Hello Robert! I read The Ten Thousand Things a few months ago, and now I've just started Depending on No-thing. Thanks for bringing clarity to these existential questions. Who does not have them? Once you are well-fed, have a family, and are essentially "happy,” you still need meaning, right? I am happy, Robert, but I still feel “I don't get it,” as if something were missing.
I wanted to know your opinion about Tony Parsons. I'm sure you are familiar with his content, but just in case, what he says is essentially: "This is all energy which is apparently having this form, but all there is is this. I am not a person anymore. I have no relationships. Responses from this body-mind just happen. What do you think about that, Robert?
In your case, it seems that the old Robert is not there anymore, but you still feel love—say, for your wife? If something goes wrong, will you (the person that these eyes can see) be sad?
Thanks a lot! Carl.
Hi, Carl.
To begin with, what your eyes see is not a “person” but a body. What I am cannot be seen with your eyes since it includes perceptions, feelings, and thoughts that are entirely invisible to you and always will be. All you know about me is your projections and assumptions based on my words and other behaviors. The same is true of what you think you know about Tony Parsons.
I have seen Tony Parsons on video. He seems like a friendly sort. He talks about one big idea that works for him—“I don’t exist.” That idea would not settle anything for me, but if he’s happy with it, mazel tov.
You say that you are essentially happy but still need meaning because even though you have all the ingredients for contentment, you still feel something is missing. That seems to be a common human experience. It is the first of Buddha’s four noble truths, often mistranslated as: “All life is suffering.”
A fair translation of the word “dukkha,” which is the word he reputedly used, is not “suffering” but “unsatisfactoriness.” So, he was not saying that all life is suffering but that something about our lives feels unsatisfactory no matter how good we have it.
Speaking personally, I may be sitting beside my beloved wife and feel great contentment because she is here to share this moment with me, but in the next moment, I might remember that she will die, and I will have to go on without her, or vice versa, so this contentment cannot grasped and preserved, but can only be felt when it arises and enjoyed while it is present. Like the wind in the trees, contentment just comes and goes regardless of what I might want. And that is dukkha.
Dukkha is like a hayride. You are rolling around in the hay with a bottle of wine and a pretty girl, having a fine old time, but one of the wheels has a flat spot that keeps coming around as the wagon moves forward. So it all seems like a smooth cruise until, suddenly, clunk! That’s life, amigo, and “finding meaning” won’t fix it, for even “meaning” is time-bound and temporary and has its flat spots. What may feel meaningful right now might seem meaningless five minutes from now. And what if there is no meaning apart from living until one dies? Then, if you keep searching for “meaning,” you might be overlooking the only meaning there is: this right now.
Of course, I will feel sad when something goes wrong for someone I love.

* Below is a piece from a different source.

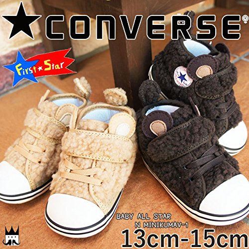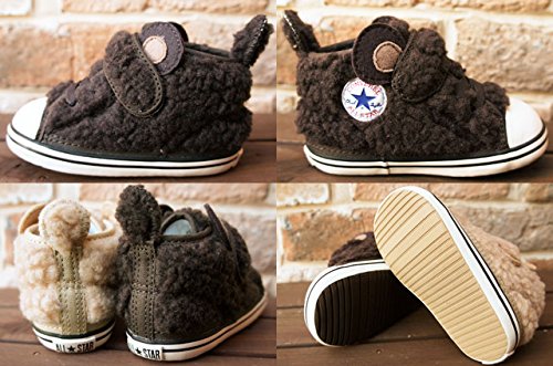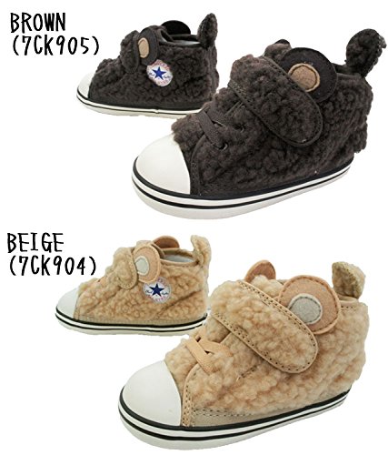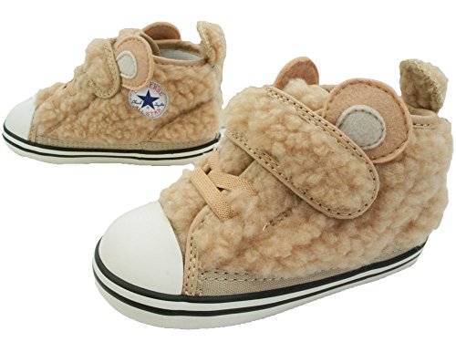 コンバース ベビー オールスター N ミニクマ V-1 ■商品説明 ブラウン 7CK905 32712599 ベージュ 7CK904 32712594 ベビー オールスター Nのパターン、素材アレンジモデル。 2015年秋冬にデビューし大好評だった「ベビー オールスター N クマ V-1」が、ブラウンとベージュの2カラーでリバイバル。脱ぎ履きしやすいベルトタイプで、モコモコのボア素材やフェルトで出来た耳のパーツがかわいらしい一足。 ソールには、しなやかなラバー素材を採用。 サポート力のあるボードを踵部分に内蔵し、足の曲がる位置ではしっかり屈曲する設計。 また、インナーには、シューズと足元を優しくサポートする厚みのあるフォームを使用。 ■素材 UPPER:ポリエステル OUTSOLE:ラバー

When I had to put down my old German shepherd, Tuki, I had a pain in my chest around my heart that lasted for many weeks. Later, as these things go, the pain subsided, and I was left with memories and an appreciation for the depth of the love she and I shared. That’s pretty normal, isn’t it?
In my view, the idea that “awake” means that one feels less, cares less, or is made immune from grief and sadness is a complete misunderstanding and a denial of one’s humanity. My experience of “awake” is that one feels more human, not less, and so the pain and suffering of this world—this vale of tears—feels more present, more real, not less real. With that in mind, if you feel happy, you are lucky. So many of us humans are not only not feeling happy but are oppressed, enslaved, born into unremitting poverty, perpetually hungry, without clean water to drink, and without even a safe place to lay our heads and sleep.
Enjoy what you have while you have it. You never know when it will be taken from you.
I wish you well.
Sterling Doughty: My experience of “awake” is that one feels more human, not less, and so the pain and suffering of this world—this vale of tears—feels more present, more real, not less real. Robert is correct here. That is how it is. More real, more intense, more total. Sometimes wonderful, often not, but when you are awake, reality does not go away. Of course, it doesn't mean you always have to like it.
Righto, Sterling.
“Reality is that which, when you stop believing in it, doesn't go away.”
―Philip K. Dick
View the video record of The Gathering At Todos Santos
Well said! ❤️
It’s always welcome on my end to be reminded of ‘Memento Mori’, I remember this powerful message written in 4T…or perhaps in one of your responses here on Substack🤔. Seems to go well with your response to this question also. I’m so at ease with your message/philosophy on what this life is. Thanks Robert.